A similar problem arises when we consider our responses to music. We sometimes talk of sad music making us sad, though the music does not provide us with any reason for thinking that something sad has happened (sad music sometimes reminds us of a sad event, but this is not a general feature of cases where sad music affects us). Here appeal to the imagination seems less helpful; unlike fictional narratives, emotionally affecting music does not usually provide us with the materials for imagining some sad event. Kivy has argued that sadness on the part of those who listen to sad music is, where it occurs, irrelevant to musical appreciation and will indeed not occur in episodes of listening which instantiate his preferred model of musical listening, one which requires exclusive attention to the structural, phenomenological, and expressive properties of the music (1990: ch. 8). Kivy does not deny however that musical listening can and indeed should be a deeply emotional experience; we may be overwhelmed by the compositional and performance qualities the work represents. Some attempt has been made to challenge Kivy on empirical grounds by presenting evidence that music does reliable engender the emotions or moods it expresses (Sizer 2007). But Kivy denied this possibility only for the case of canonical music listening, and says that there is no reason to think that subjects in the relevant experiments were listening in that canonical way (2007). Certainly it would not be easy to control experimental conditions so as to rule-out listening which is non-canonical in Kivy’s sense (see also Kivy 2006; Carroll 2003; Carroll & Moore 2007). However, if experimental tests do consistently provide evidence of emotion-generation concordant with the emotions expressed by the music, it will not do simply to say that we have not yet tested the right listeners. The friend of Kivy will have to find robust instances of the sort of listening he approves of, and not depend merely on the personal testimony of those who favour his theory. We take it, after all, that Kivy’s ideal mode of listening is presented as a practically achievable goal. Zangwill 2004 represents a formalism that is less willing to accommodate the emotions; for a more limited defence of the formalist position see Cochrane 2021b.
Another aesthetically important question about the emotions is this: why are we attracted to representations and other devices that generate negative emotions such as sorrow and fear? It is not a satisfactory answer to this question to make the suggestion referred to above that we do not really fear Dracula and other creatures of fiction but merely quasi-fear them, because fear and quasi-fear are supposed to be qualitatively the same, so if fear is unpleasant quasi-fear is also. The question can be asked about both narrative works and about music; recall that even Kivy grants that (non-canonical) musical listening may generate sadness. However, fiction has been the greater part of this discussion, and will be here also. On this issue philosophers have tended to take one of three positions (but see Smuts 2009 for a wider range of options):
- Compensation: audiences tolerate the negative emotions of tragedy, horror and other genres because they recognise compensatory benefits (Carroll 1990; Feagin 1983)

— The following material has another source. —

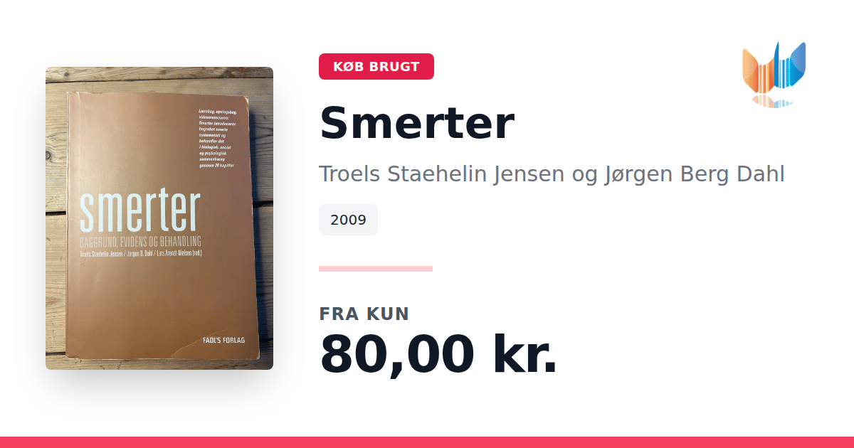 Lige nu kan du købe "Smerter" af Troels Staehelin Jensen og Jørgen Berg Dahl til kun 80,00 kr. Bogen du ser her er brugt, og i god stand. Vi har i øjeblikket 3 eksemplarer til salg af "Smerter", så husk at se de forskellige udgaver.

- Conversion: emotions which would otherwise be experienced as unpleasant are experienced as positive in artistic contexts (Hume 1757 ).
- Neutrality: it is wrong to think that the so called “negative emotions” provoked by tragedy or horror are intrinsically unpleasant and hence in need of compensation or conversion. They are not intrinsically valenced and may be experienced negatively in some situations and positively in others (Gaut 1993; Walton 1990: 255–8)
Neutrality is a general claim about the emotions and relevant here as one way to argue in favour of conversion. But a conversion theorists need not be committed to Neutrality. We focus here on the contrast between Compensation and Conversion. Compensation, unlike Conversion, appeals to a type of psychological process that is hardly controversial; we accept many kinds of unpleasant experiences because avoiding them will have even less desirable consequences. Conversion sounds more problematic: how can an emotion “flip” its hedonic value and still be the same emotion? Psychologists interested in negative emotions in art have cited research which purports to reveal hedonic flip for pain: subjects who expected an intense pain but experienced only a moderately painful stimulus described the experience as “pleasant”, while subjects expecting nonpainful warmth described the same stimulus as unpleasant (Leknes et al. 2013). This doesn’t by itself show that the same thing can happen in the case of tragedy or horror, but it suggests that the conversion claim is less outlandish than it might initially seem.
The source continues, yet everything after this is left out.